Throughout this project I was concerned about the ability of sentiment analysis of Reddit comments to really capture how people felt about a race. First of all, sentiment analysis cannot account for irony or sarcasm, which are very common on Reddit. More importantly, the most beloved Formula 1 races are often the most controversial. For F1 fans, the worst thing a race can be is boring.
Close wheel-to-wheel racing, manoeuvres that test the limits of the rules, and shocking moments all contribute to an exciting race, but may also illicit strong emotions that will end up being coded negative in a sentiment analysis. To test whether sentiment analysis was truly a good measure of how people felt about a race, I took data from Racefans.net, which compiled the average score its readership gave each race on a scale of 1 to 10.
race_fans <- data.frame("race" = c("Australian GP", "Bahrain GP",
"Chinese GP", "Azerbaijan GP",
"Spanish GP", "Monaco GP",
"Canadian GP", "French GP",
"Austrian GP", "British GP",
"German GP", "Hungarian GP",
"Belgian GP", "Italian GP",
"Singapore GP", "Russian GP",
"Japanese GP", "Mexican GP",
"United States GP", "Brazilian GP",
"Abu Dhabi GP"),
"race_fans" = c(6.3, 8.5, 4.8, 5.4,
4.6, 6.3, 4.4, 3.5, 8.9,
8.6, 9.4, 4.6, 7.5, 8.2, 6.2, 5.8, 6.9, 6.6, 7,
8.8, 5.6))
sentiment_by_race <- left_join(sentiment_by_race, race_fans, by = c("race" = "race"))
ggplot(sentiment_by_race, aes(x = race_fans, y = sentence_score, label = race)) +
geom_point(color = "violetred3") +
stat_smooth(method = "lm", alpha = 0.2, color = "violet") +
geom_text_repel(size = 3) +
labs(x = "Fan Score on Racefans.net", y = "Sentiment of Comments",
title = "Highly Rated Races Don't Always Produce Positive Comments") +
theme_bw()
The scatterplot shows that there is a slightly positive correlation between the ratings the fans gave the races and the sentiments expressed in Reddit comments. In other words: highly rated races had more positive comments. That being said, the margin of error on the regression line shows that there could easily be no correlation between the two at all.

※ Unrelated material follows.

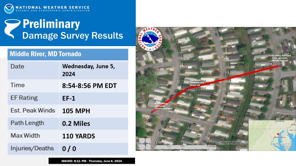 - The other Baltimore County tornado lasted for about two minutes and traveled less than half a mile in Middle River, ending at 7:56 p.m. It had an estimated peak wind speed of 105 mph. It caused damage in a mobile home community called Williams Estates, mostly ripping the underpinning from residences and blowing a shed and trampoline around.

One key example of how comment sentiment doesn’t necessarily lead to a 1-10 rating is the Brazilian GP. The race was very exciting, but several incidents that ended with several fan-favorite drivers not finishing the race may have provoked negative comments. Nonetheless, the exciting final laps and surprise podium by a midfield team led many to rate the race the second best of the season. This plot just shows that sentiment analysis is not a foolproof tool for divining actual feelings. More broadly, it reflects that the way we value sports is not always in how positive they make us feel. Often the events that are the most polarizing or emotionally intense are the ones we remember as classics.
That being said, there is some correspondence between the two scores. The French Grand Prix committed the cardinal sin of being boring. The Canadian Grand Prix ended with a highly controversial decision by the stewards (F1’s referees) that resulted in Ferrari driver Sebastian Vettel coming in second despite crossing the line first. Meanwhile, Mercedes driver Lewis Hamilton was awarded the win. The technicality was seen by many to undermine “real racing”, and, combined with another Mercedes win in an already dominant season, led to the race being panned both on Reddit and on RaceFans.
Conclusion
Reddit comments can provide insights directly into the feelings of online communities. By analyzing the comments on r/formula1, I showed how doing sentiment analysis on specific Reddit threads can represent the opinions of sports fans on various events. This approach is especially apt for Formula 1, where all teams compete in the same event together, as opposed to most sports where two teams compete against each other in a league. All Formula 1 fans reacting together in one Reddit thread proved to be a good, though not imperfect, proxy for fan attitudes towards the races in the 2019 Formula 1 season.